Jigs can also be trolled against the current effectively with a double jig rig. Tie a short dropper line about a foot long to one eye of a three-way swivel on the main line. Add a heavy jig. For most current conditions, a 5/8ths or 1oz. Lindy Jumbo Fuzz-E-Grub. Dress it with a minnow. Then tie a longer piece of mono, 18 inches to two feet to the third eye. This is called the "Trailer". There are many options for the "Trailer". Try a floating jig head dressed with a minnow; a plain hook and a minnow, leech or crawler; a hook dressed with a small curlytail and live bait; or a floating crankbait. Drop the entire rig to the bottom. Using your electric bow-mounted trolling motor, move upstream at the pace of a slow troll. Maintain bottom contact while keeping your line entering the water at about a 45 degree angle. Lift and drop or drag the rig. On any given day, walleyes and sauger may prefer upstream presentations to downstream. If current is very strong, use a gasoline kicker motor at low speed to match current speed and the trolling motor to steer. Check it out.

Cover More Water
with Crankbaits

Trolling crankbaits was once thought of as a tactic that only worked in warm water. Wrong.

It’s been proven time and again that trolling crankbaits can be a great way to cover large areas in a short period of time even when water is cold.
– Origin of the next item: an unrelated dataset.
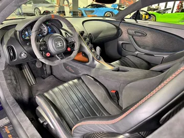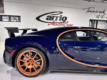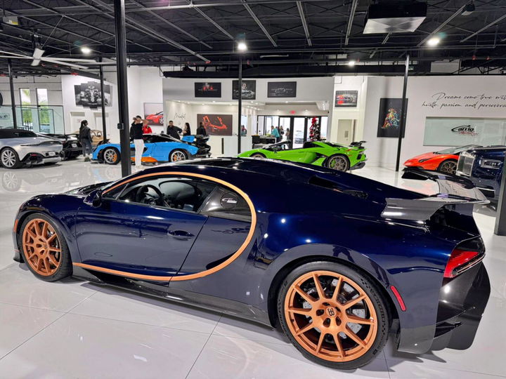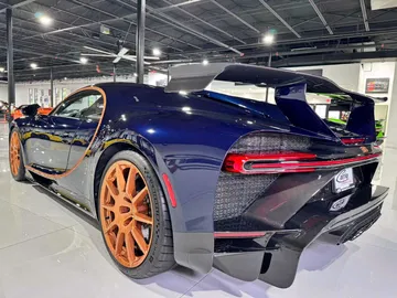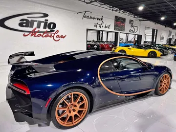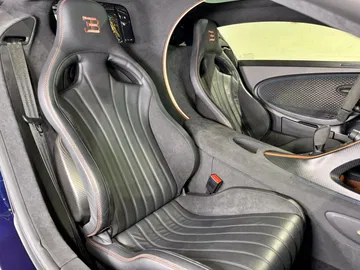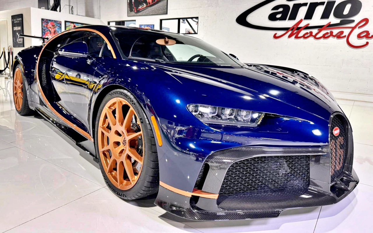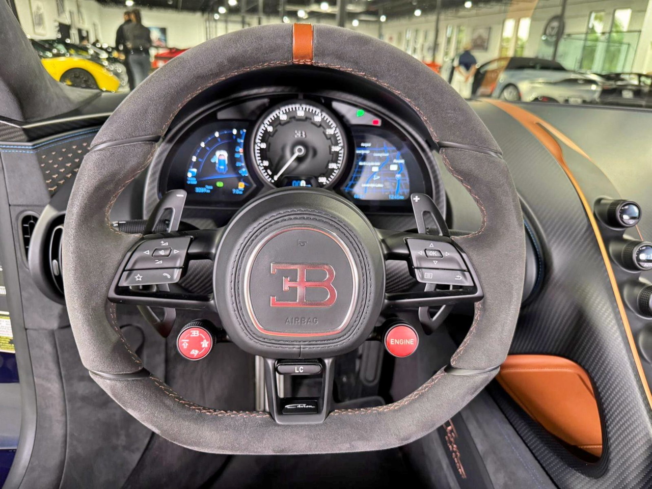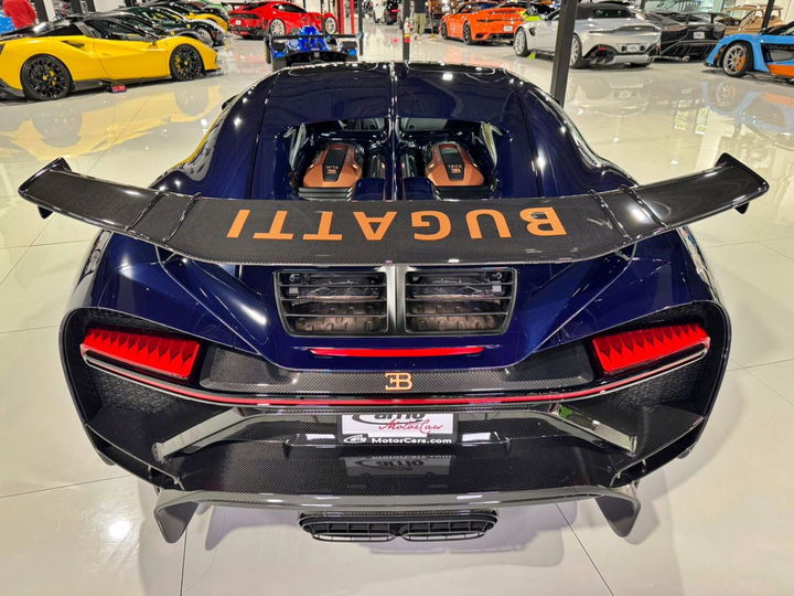 Esta unidad va pintada en Atlantic Blue con llantas doradas y detalles del mismo color a juego, como las letras BUGATTI del alerón trasero, las tapas del motor o la C que rodea las puertas. Como no podía ser de otra manera, lleva una ingente cantidad de fibra de carbono. Como curiosidad, este ejemplar en concreto fue el que Bugatti presentó al público en la Montery Car Week de 2021.

Experience has shown speeds up to 2-1/2 mph, both up and downstream, can trigger strikes in spring. Use deep diving baits like Shad Raps, Bomber 24As, Storm Thunderstick Jr. Deep divers, or Lindy Bait Fish. All of these crankbaits will run between 10 to 17 feet deep by themselves. Using leadcore line or snap weights will take them deeper. Make sure they are running right within 2 inches of the bottom in order to stay in the strike zone. Troll the edges of flats or on top of the flats themselves. You can even use planer boards to cover a wider path. But right behind the boat may be best for proper depth control.

River walleye and sauger in spring are a great way to chase away the winter blues.